Mercredi, après avoir pris connaissance du rapport commandé à l’ex-directeur financier de France Télévisions Marc Schwartz, les ministres de la Culture (Fleur Pellerin), de l’Economie (Emmanuel Macron) et des Finances (Michel Sapin) ont brossé la feuille de route du futur président de la télé publique. Peu de chances que ce soit l’actuel patron Rémy Pflimlin, dans le collimateur de la tutelle… Mais la nomination, qui sera connue le 22 mai au plus tard, revient in fine au Conseil supérieur de l’audiovisuel.

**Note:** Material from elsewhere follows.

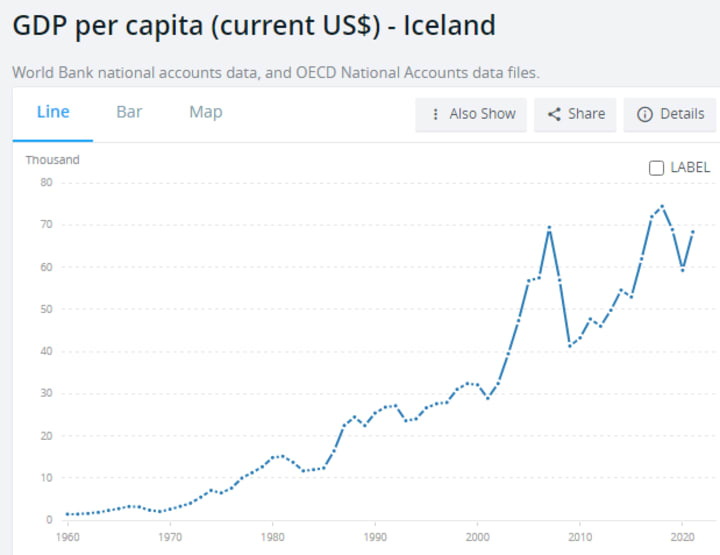 Iceland is a small country with only 366k inhabitants, But despite the size of its economy, its GDP per capita is 68k dollars, one of the highest in the world.
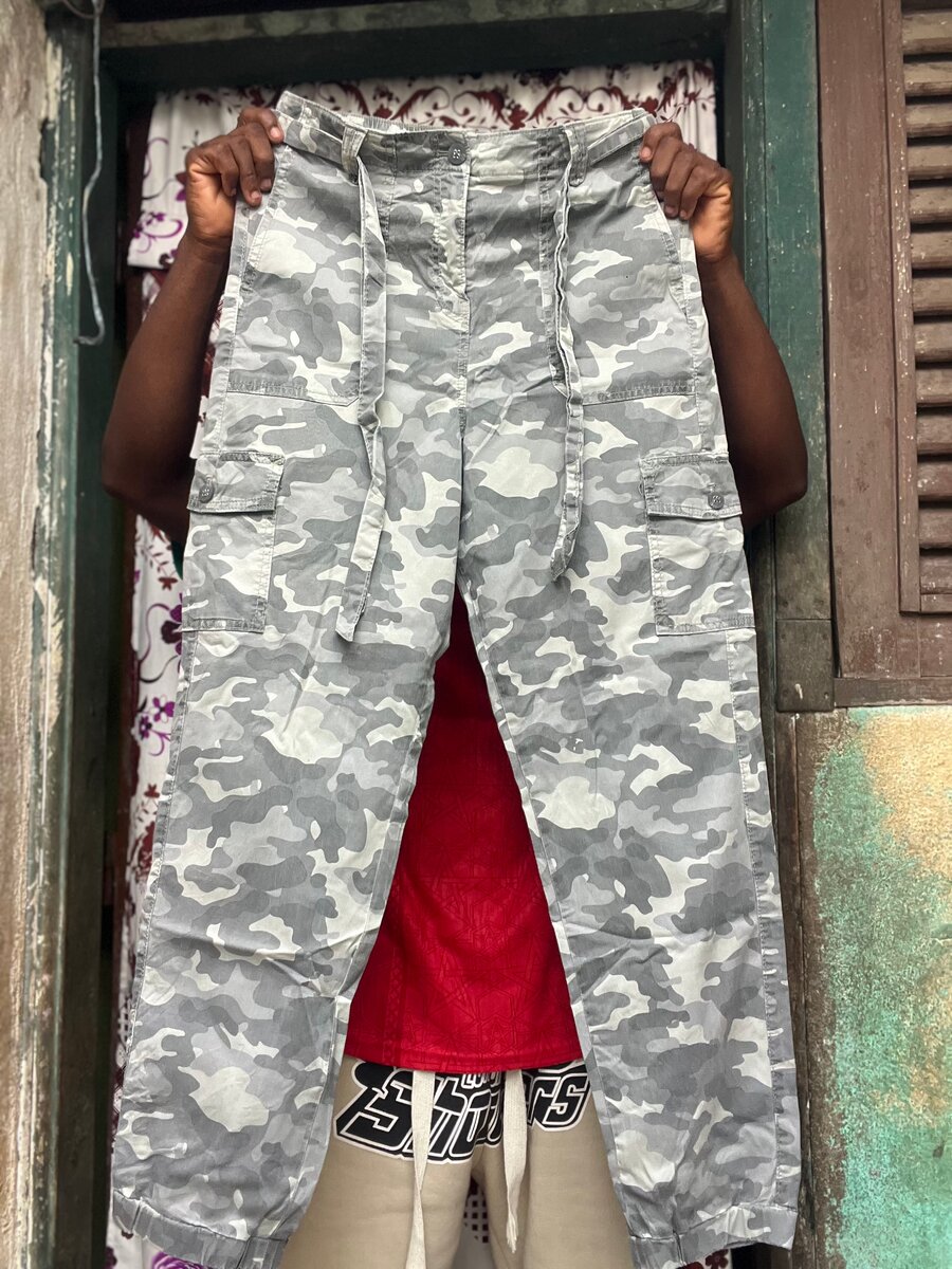 Pantalon cargo camouflage gris pour homme, design confortable et durable. Idéal pour les looks décontractés et streetwear.

Que dit le rapport Schwartz ?
Le diagnostic est globalement sévère sur la gestion de France Télévisions. Il critique les «lourdeurs internes», et insiste sur l'importante baisse de la part d'audience depuis dix ans (28,8% en 2014 contre 35% en 2008). Pan sur le bec de Pflimlin. Pour autant, «le groupe de travail est convaincu que la télévision publique est plus que jamais nécessaire dans cet environnement fragmenté, éclaté, mondialisé». Editorialement, le rapport appelle à davantage de cohérence entre les chaînes, en particulier une réforme de France 3 sur l'articulation entre ses offres nationales et régionales. Enfin, Schwartz estime que «la pérennité de France Ô», qui n'a «pas trouvé son public», soulève, «des interrogations».

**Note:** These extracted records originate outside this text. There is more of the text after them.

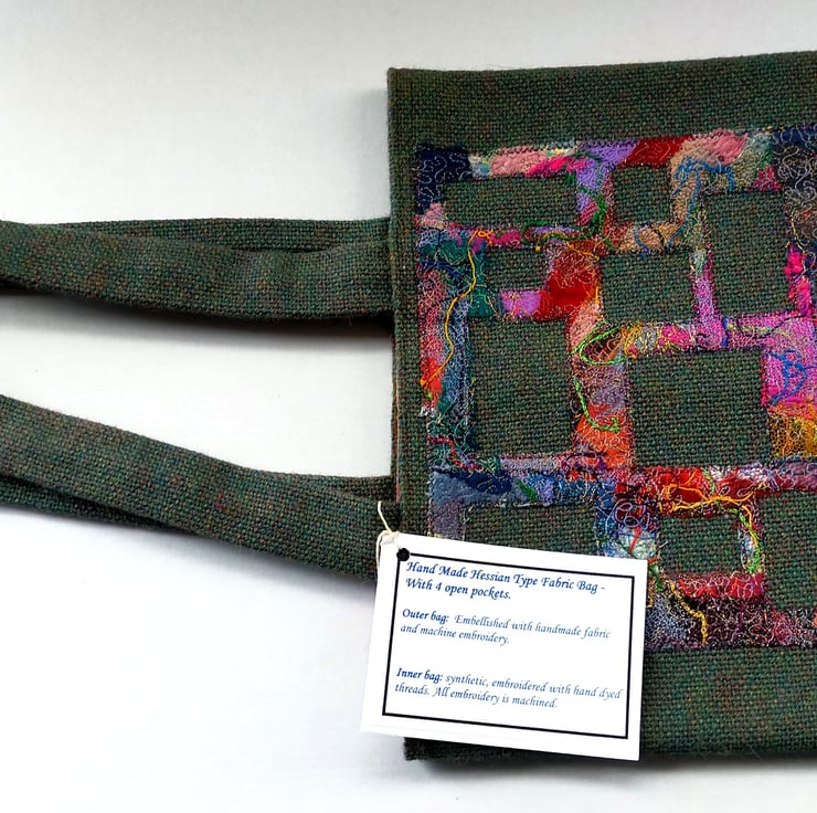 Outer bag: fabric – hessian type, embellished with handmade fabric and machine embroidery
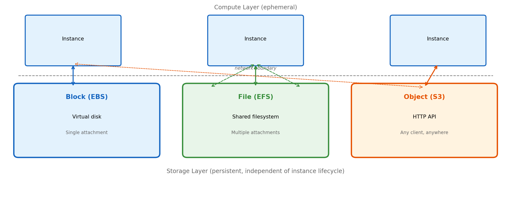 Block storage presents a virtual disk device. Instance mounts it as filesystem, uses standard file operations. One instance attachment at a time (with limited exceptions).
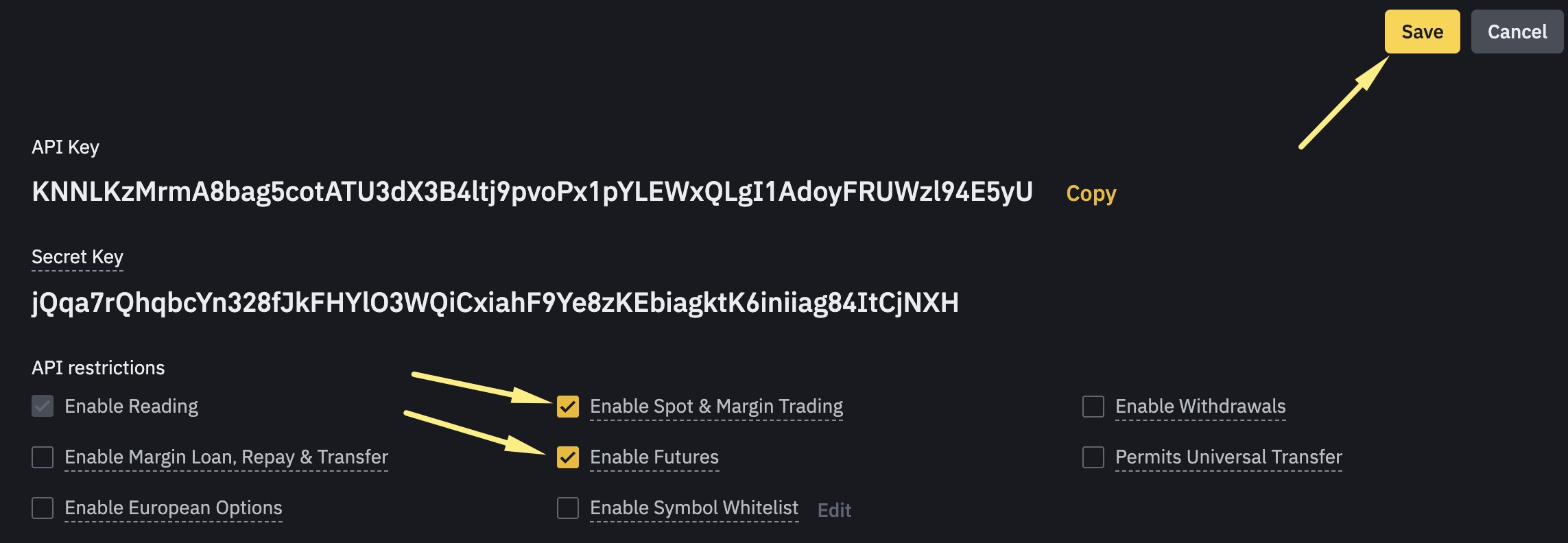 6. Copie la clave API y la clave secreta.
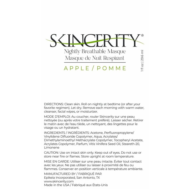 Skincerity Nightly Breathable Masque - Apple, Grapeseed Oil and Vitamin E, Anti-Aging, Reduce Pore Size and Wrinkles, Hydrating and Nourishing, Radiant and Brightened Complexion
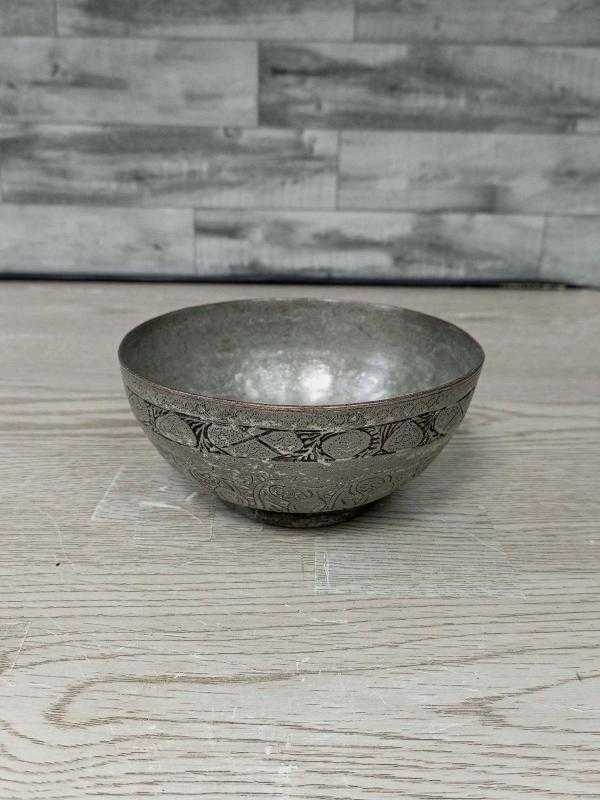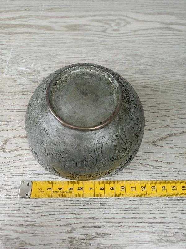 Antika Osmanlı Dönem Kalem İşçilikli Bakır Kase - Tas başlıklı antika/koleksiyon objesi Osmanlı menşe’lidir. 1900 öncesi dönemine aittir.
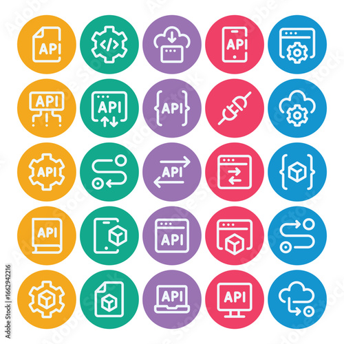 Circle color outline icons set for Application programming interface
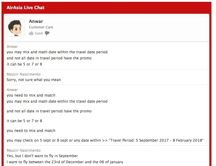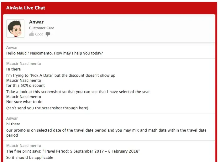 Last 2 updates from Air Asia was 29 Dec 2016 (Case Acknowledgement - CAS-[protected]-H3WS96 CRM:0001869)

Que dit la feuille de route des ministres ?
La future direction de France Télévisions devra être plus audacieuse dans ses programmes, attirer le jeune public, promouvoir la culture, développer le numérique et réformer France 3. Le tout avec un budget en baisse… Il faudra, si nécessaire, renoncer à une des cinq chaînes publiques (France Ô ?). La piste d'une augmentation de la redevance, déjà évoquée fin 2014, fait l'objet d'une «réflexion». D'après les trois ministres, le budget de France Télévisions (2,85 milliards d'euros en 2015) sera «au mieux stable», et «plus probablement» s'inscrira d'ici 2020 dans le mouvement de «baisse constatée ces dernières années».

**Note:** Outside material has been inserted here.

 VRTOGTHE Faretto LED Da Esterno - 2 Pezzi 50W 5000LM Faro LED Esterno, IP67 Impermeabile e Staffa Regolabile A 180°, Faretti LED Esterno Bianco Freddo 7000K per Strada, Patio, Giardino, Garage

Plusieurs réformes de fond, jusqu'ici repoussées, sont évoquées : la réorganisation de France 3, l'amélioration de la gestion de la filière de production, ainsi que celle du réseau outre-mer. Il est également demandé des «propositions précises» pour définir «des lignes éditoriales claires» pour chacune des chaînes, afin d'éviter qu'elles se concurrencent.
En revanche, plusieurs des suggestions du rapport Schwartz n’ont pas été écoutées. Ainsi, un retour de la publicité après 20 heures a été écarté, et la création d’une chaîne d’info en continu n’est pas d’actualité.
Rémy Pflimlin peut-il se succéder ?
C’est peu probable. Alors que Pflimlin n’a pas encore déclaré s’il briguerait un nouveau mandat, des prétendants se sont déclarés. Le nom d’Alexandre Michelin, 50 ans, ancien de Canal + et actuel DG de Microsoft-MSN Europe, circule, entre autres candidats. Les prétendants devront intégrer les objectifs du rapport Schwartz dans le projet qu’ils doivent envoyer avant le 26 mars au CSA.